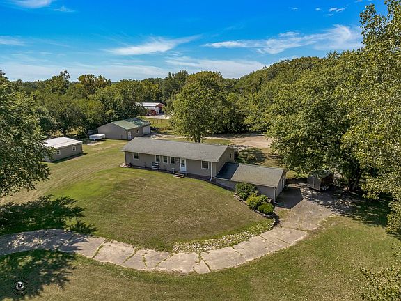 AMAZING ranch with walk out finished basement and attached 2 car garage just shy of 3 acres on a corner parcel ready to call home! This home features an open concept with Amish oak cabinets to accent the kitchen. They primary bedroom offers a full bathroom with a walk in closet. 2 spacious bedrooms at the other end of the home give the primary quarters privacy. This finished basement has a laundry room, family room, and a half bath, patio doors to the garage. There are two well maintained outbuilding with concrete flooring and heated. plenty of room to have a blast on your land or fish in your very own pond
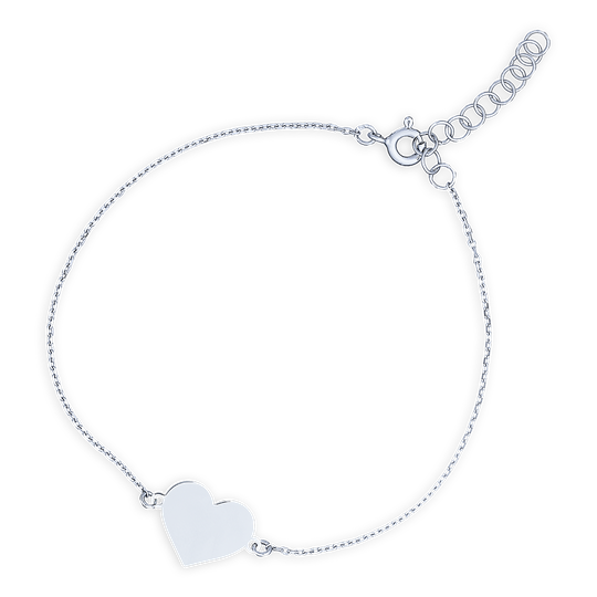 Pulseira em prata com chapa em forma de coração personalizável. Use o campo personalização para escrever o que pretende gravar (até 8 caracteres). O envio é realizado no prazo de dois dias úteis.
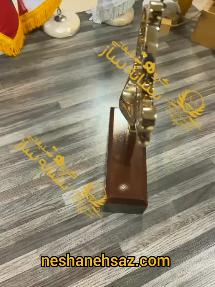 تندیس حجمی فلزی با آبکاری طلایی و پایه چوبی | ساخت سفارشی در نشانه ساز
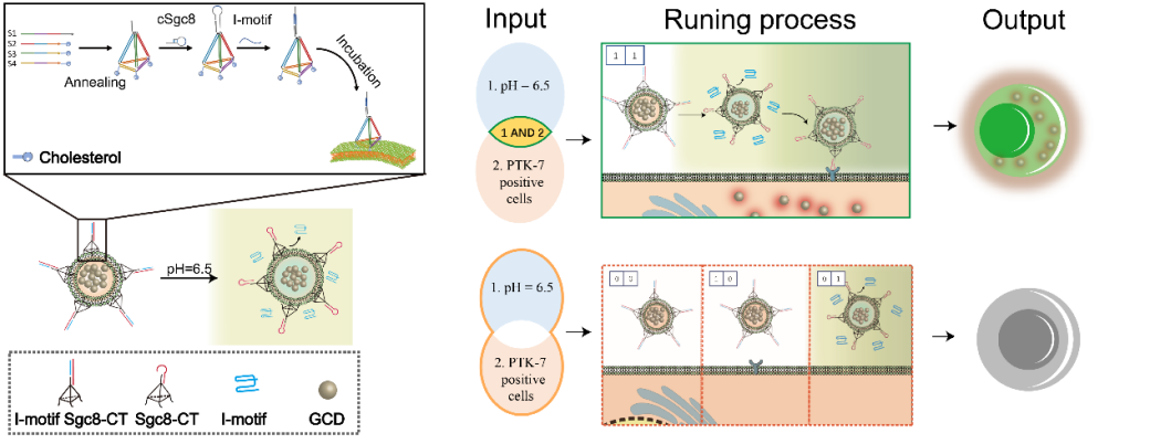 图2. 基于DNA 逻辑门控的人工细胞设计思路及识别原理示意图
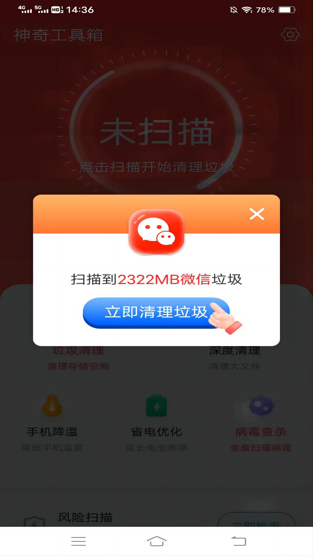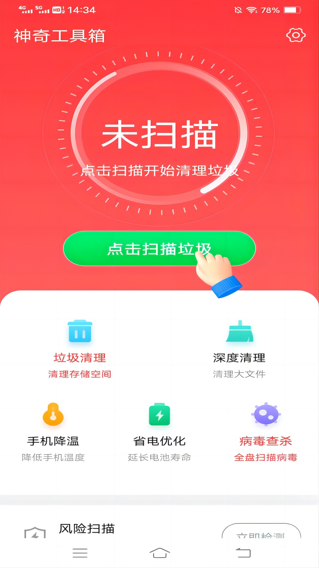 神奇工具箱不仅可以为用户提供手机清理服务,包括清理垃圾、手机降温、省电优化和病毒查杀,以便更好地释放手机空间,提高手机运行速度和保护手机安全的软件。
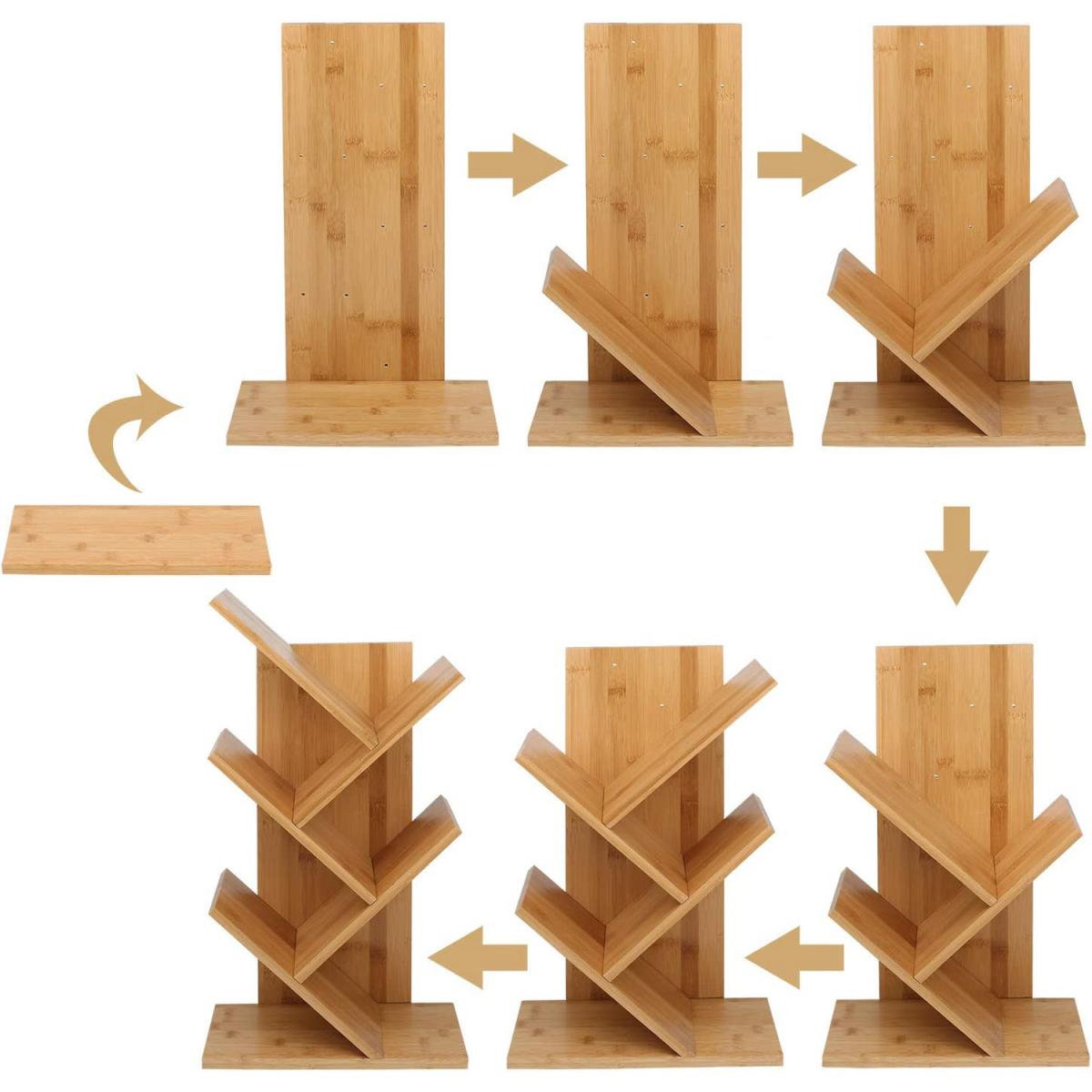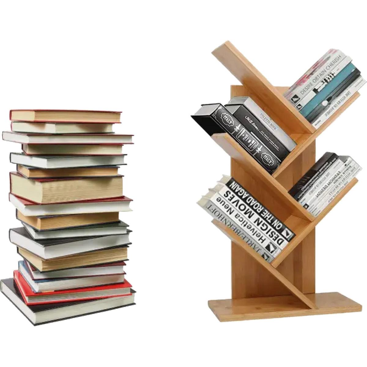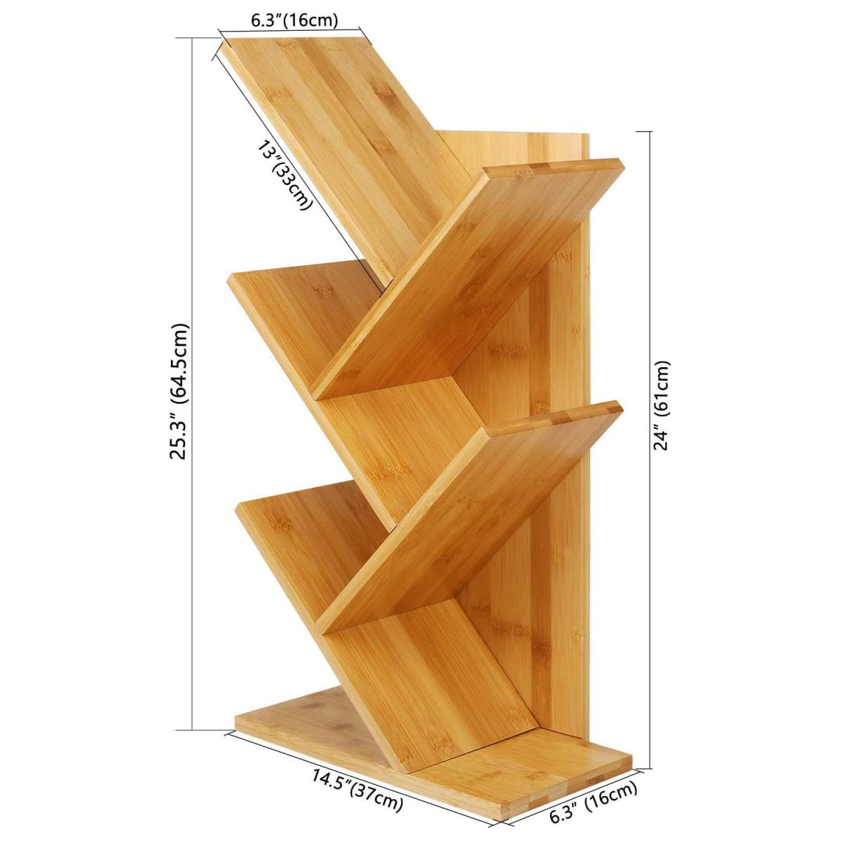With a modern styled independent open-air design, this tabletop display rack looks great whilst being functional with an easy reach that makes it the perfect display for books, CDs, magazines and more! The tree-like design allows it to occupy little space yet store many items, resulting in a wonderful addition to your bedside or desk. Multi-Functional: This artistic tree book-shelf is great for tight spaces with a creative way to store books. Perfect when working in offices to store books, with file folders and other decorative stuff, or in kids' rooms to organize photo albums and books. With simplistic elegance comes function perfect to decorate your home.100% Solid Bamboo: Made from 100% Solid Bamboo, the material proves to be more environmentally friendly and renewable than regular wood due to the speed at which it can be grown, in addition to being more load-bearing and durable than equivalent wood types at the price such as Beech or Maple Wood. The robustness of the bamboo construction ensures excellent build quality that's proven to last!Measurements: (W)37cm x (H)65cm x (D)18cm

::::

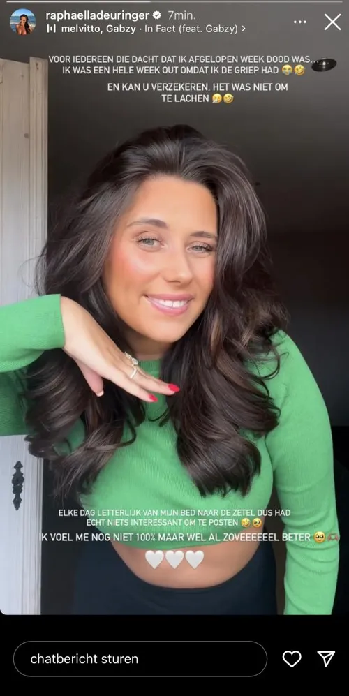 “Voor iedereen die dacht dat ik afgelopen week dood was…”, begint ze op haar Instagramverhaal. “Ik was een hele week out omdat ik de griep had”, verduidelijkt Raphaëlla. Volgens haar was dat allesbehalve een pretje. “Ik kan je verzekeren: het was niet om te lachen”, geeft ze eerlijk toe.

::::

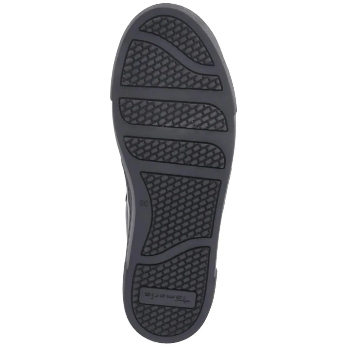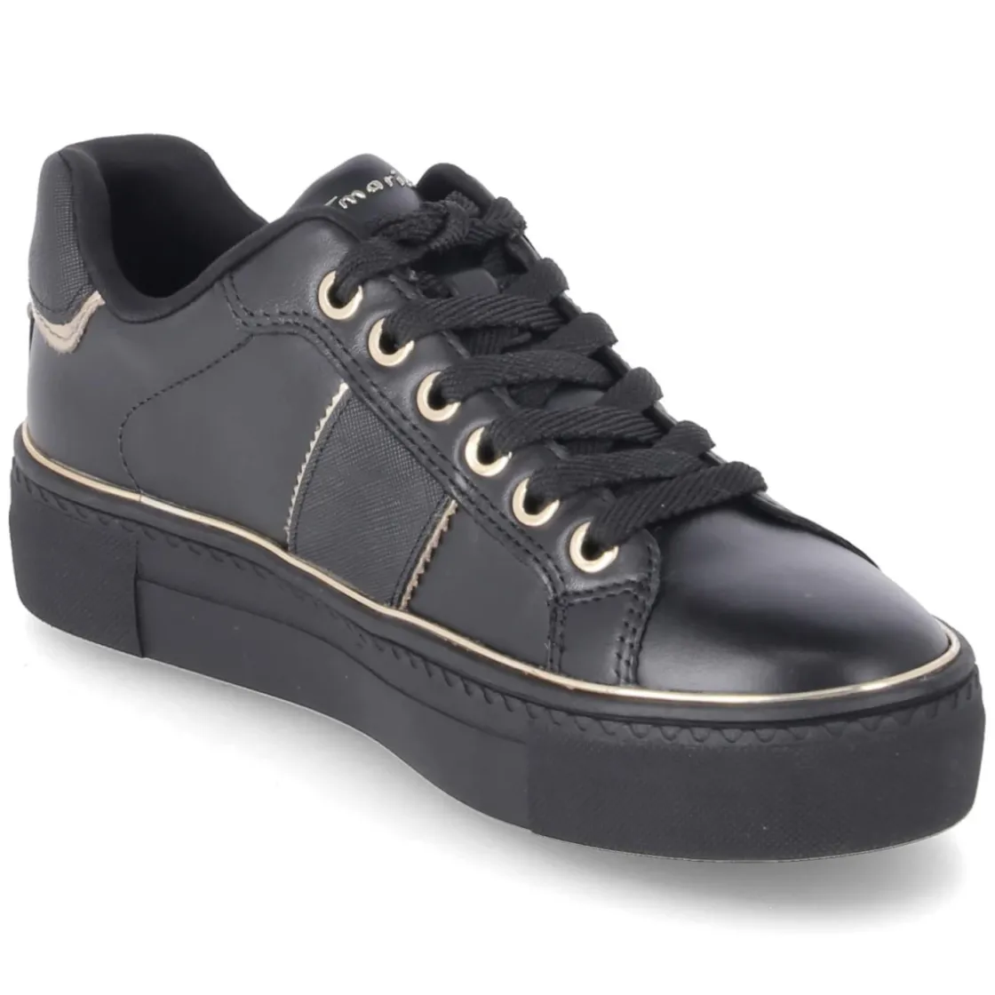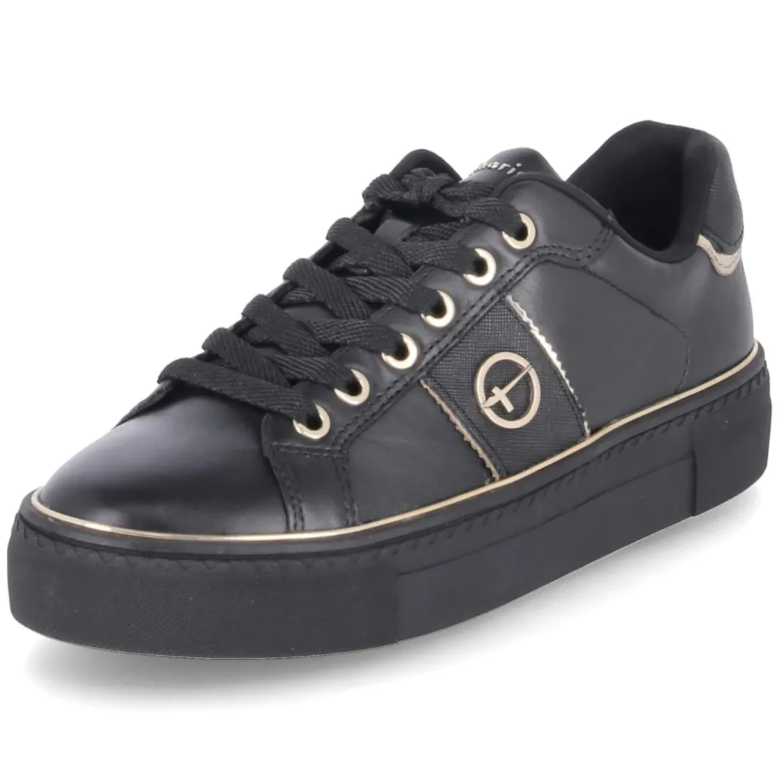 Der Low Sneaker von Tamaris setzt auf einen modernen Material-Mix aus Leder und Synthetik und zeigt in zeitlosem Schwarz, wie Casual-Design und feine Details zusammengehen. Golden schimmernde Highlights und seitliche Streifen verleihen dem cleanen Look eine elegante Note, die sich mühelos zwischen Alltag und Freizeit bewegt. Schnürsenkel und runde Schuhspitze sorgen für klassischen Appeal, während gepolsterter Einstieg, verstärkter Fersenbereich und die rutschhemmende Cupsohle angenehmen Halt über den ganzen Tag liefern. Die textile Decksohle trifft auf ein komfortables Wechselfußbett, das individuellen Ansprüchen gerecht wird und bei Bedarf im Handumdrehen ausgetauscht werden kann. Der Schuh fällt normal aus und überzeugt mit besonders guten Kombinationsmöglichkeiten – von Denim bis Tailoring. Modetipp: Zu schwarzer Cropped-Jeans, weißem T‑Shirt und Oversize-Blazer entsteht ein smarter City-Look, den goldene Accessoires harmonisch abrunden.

::::

_TASK GOAL_
For the data above, set down exactly the lines from the line with "Pulseira em prata" to the line with "神奇工具箱不仅可以为用户提供", both included, leaving pictures out.

_TASK RESPONSE_
 Pulseira em prata com chapa em forma de coração personalizável. Use o campo personalização para escrever o que pretende gravar (até 8 caracteres). O envio é realizado no prazo de dois dias úteis.
 تندیس حجمی فلزی با آبکاری طلایی و پایه چوبی | ساخت سفارشی در نشانه ساز
 图2. 基于DNA 逻辑门控的人工细胞设计思路及识别原理示意图
 神奇工具箱不仅可以为用户提供手机清理服务,包括清理垃圾、手机降温、省电优化和病毒查杀,以便更好地释放手机空间,提高手机运行速度和保护手机安全的软件。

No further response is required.